On Fri, Jun 07 @ 12:29, Guido van Rossum wrote:
> First, a few new issues in this thread:
> 
> - On Windows, setting a timeout on a socket and then using s.makefile()
>   works as expected (the I/O operations on the file will time out
>   according to the timeout set on the socket).  This is because
>   makefile() returns a pseudo-file that calls s.recv() etc. on the
>   socket object.  But on Unix, s.makefile() on a socket with a timeout
>   is a disaster: because the socket is internally set to nonblocking
>   mode, all I/O operations will fail if they cannot be completed
>   immediately (effectively setting a timeout of 0 on the file).  I have
>   currently documented around this, but maybe it would be better if
>   makefile() used a pseudo-file on all platforms, for uniform behavior.
>   Thoughts?  I'm also thinking of implementing the socket wrapper (which
>   is currently a Python class that has a "real" socket object as an
>   instance variable) as a subclass of the real socket class instead.
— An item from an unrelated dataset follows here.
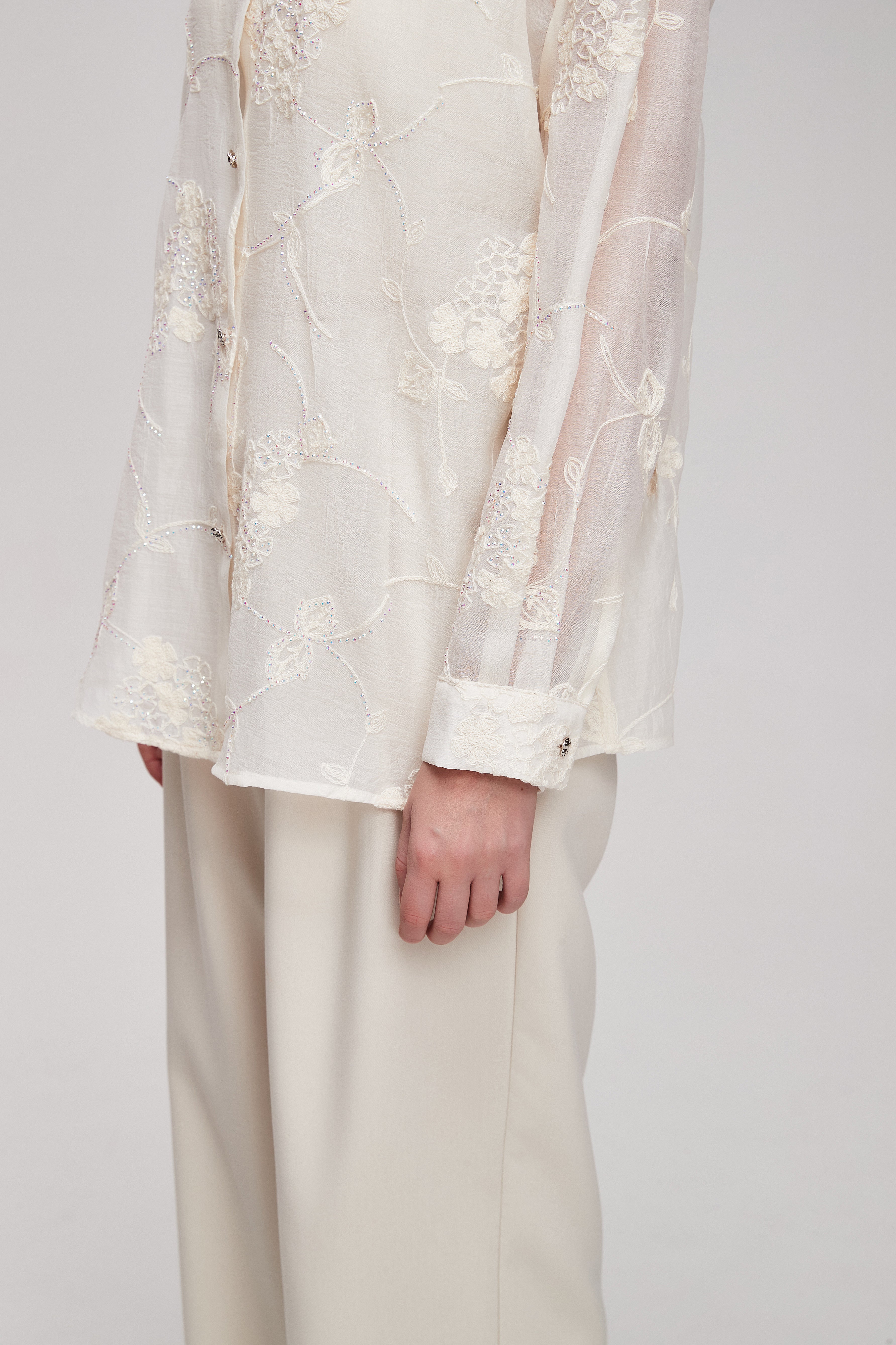 • ياقة متقنة الصنع تضفي طابعاً رسمياً وعصرياً في آن واحد.

  Glad to hear that _fileobject works well. Is there any benefit to
having the file code in C? I bet the python code isn't that much
slower. It does seem a shame to have to switch between the two. Maybe
one solution is that a makefile should set blocking back on if a
timeout exists? That would solve the problem and is a consistent
change since it only checks timeout behavior (= 2 lines of code). I'd
vote for using the python fileobject for both. Some profiling of the
two would be nice if you have the time.

  Er, what's the difference between that and _socketobject in
socket.py? Why not just use the python bit consistently?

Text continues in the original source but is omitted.